Questo decreto peraltro non considera minimamente l’attuale emergenza gli istituti penali di minorenni che sono in una situazione di sovraffollamento cronico: il sistema penitenziario minorile, infatti, non ha risorse sufficienti a gestire il numero di ragazzi che si trovano all'interno.

I giovani che finiscono nel carcere minorile, specialmente in grosse città come Milano e Torino, vengono trasferiti spesso in centri del Sud, questo sradicamento territoriale ed affettivo rende la loro detenzione estremamente penosa ed ostacola il reinserimento in società del minore.

Anche i tribunali per i minorenni sono in affanno e prevedere l’arresto obbligatorio per i minori nei casi di flagranza, non fa che aggravare le difficoltà organizzative della giustizia minorile.

L'arresto del minore è oggi sempre facoltativo: l'obbligatorietà dell'arresto determinerebbe, sul piano concreto, la necessità di attivare e coinvolgere giudici nella fase della convalida. Ci sarebbe una moltiplicazione di procedimenti e fascicoli. Inoltre, in molti casi, il giudice comunque deciderebbe per una remissione in libertà del minore perché per legge deve tenere conto della gravità del fatto, della sua età e della sua personalità. Si onora il sistema di una fase processuale inutile che risulterebbe vana nella stragrande maggioranza dei casi.

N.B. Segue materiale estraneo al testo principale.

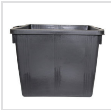
Art. 24008 Ricambio Contenitore

Materiale: Plastica Portata: 50 Kg Peso: 6,0 Kg Struttura Metallica: Acciaio zincato Fondo esterno in lamiera zincata 8/10

Pensando ai ragazzi che lei stesso difende, percepisce la totale assenza di spazi e luoghi di incontro nei quartieri più difficili di Milano? Sarebbe più utili rispetto a maggiori pene?

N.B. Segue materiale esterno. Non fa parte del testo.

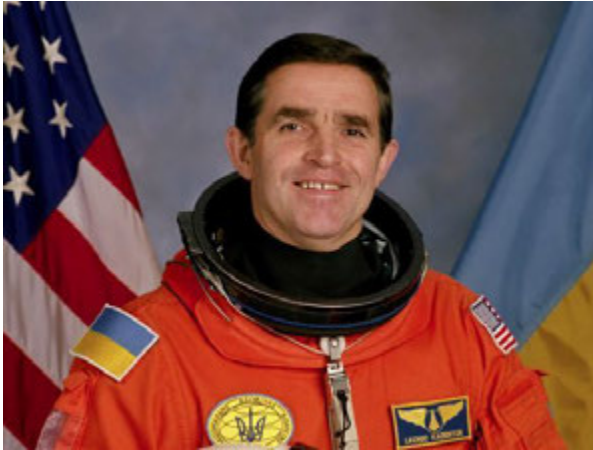
Фото 5. Леонід Каденюк. Перший космонавт незалежної України. У 1997 році здійснив політ у космос.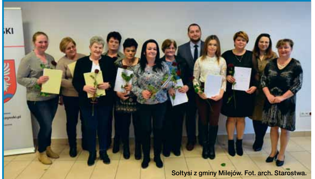
Sołtysi z gminy Milejów.

Sì, certo. In alcune aree del Paese – non solo a Milano – si avverte la mancanza di una rete assistenziale in grado di fornire supporto a questi ragazzi nella gestione di quelle problematiche individuali che possono estremizzarsi quando c'è un nucleo familiare in difficoltà, magari con genitori meno presenti perché impegnati tutto il giorno a cercare di sopravvivere. Anche il degrado ambientale è un fattore da considerare, basti pensare all’inaccettabile situazione dell'edilizia popolare: a Milano i quartieri popolari sono abbandonati a loro stessi e costituiscono un ambiente che facilita la deriva comportamentale dei giovani. Se le persone vengono lasciate vivere in una condizione di degrado, tenderanno – con i loro comportamenti – a riflettere questo degrado e più facilmente assumeranno condotte anti-sociali e anti-giuridiche.

Social, serie televisive, canzoni inducono davvero i ragazzi a commettere crimini?

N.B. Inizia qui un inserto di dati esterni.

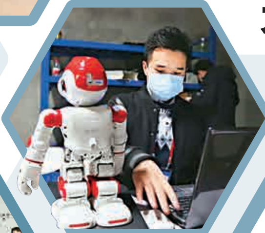
▲工作人員對阿爾法Alpha 2進行調試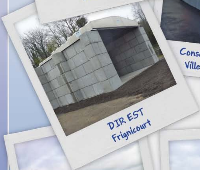
DIR EST Frignicourt

No. Le ragioni della devianza minorile sono molto complesse e variegate. Io credo che vi siano anzitutto ragioni di tipo economico – sociale, ma vi sono anche anche delle responsabilità da parte del sistema scolastico ed educativo, che spesso non è in grado di indirizzare i ragazzi verso modelli comportamentali virtuosi o lo fa con molta difficoltà.

Secondo lei, questi ragazzi vengono descritti come mostri da mandare in carcere a prescindere?

C'è un tema sicuramente legato a un aumento di reati nella fase adolescenziale. Il numero di ragazzi che entra in contatto con il circuito penale sta crescendo. La questione peraltro non è limitata ai soli minorenni: basti pensare che oggi, per la prima volta nella storia nel carcere San Vittore, un terzo dei detenuti ha poco più di 18 anni e buona parte di questi sono stranieri.

A Milano c’è poi il problema dei minori non accompagnati che vivono per strada e delinquono. Bisognerebbe puntare di più a valorizzare il circuito delle comunità, soprattutto quando c'è una situazione familiare precaria. In ogni caso l’impressione è che le misure proposte dal Dl Caivano rischino di portare al collasso il sistema giudiziario minorile piuttosto che fornire valide risposte a quelle che sono le legittime richieste di maggiore sicurezza della cittadinanza.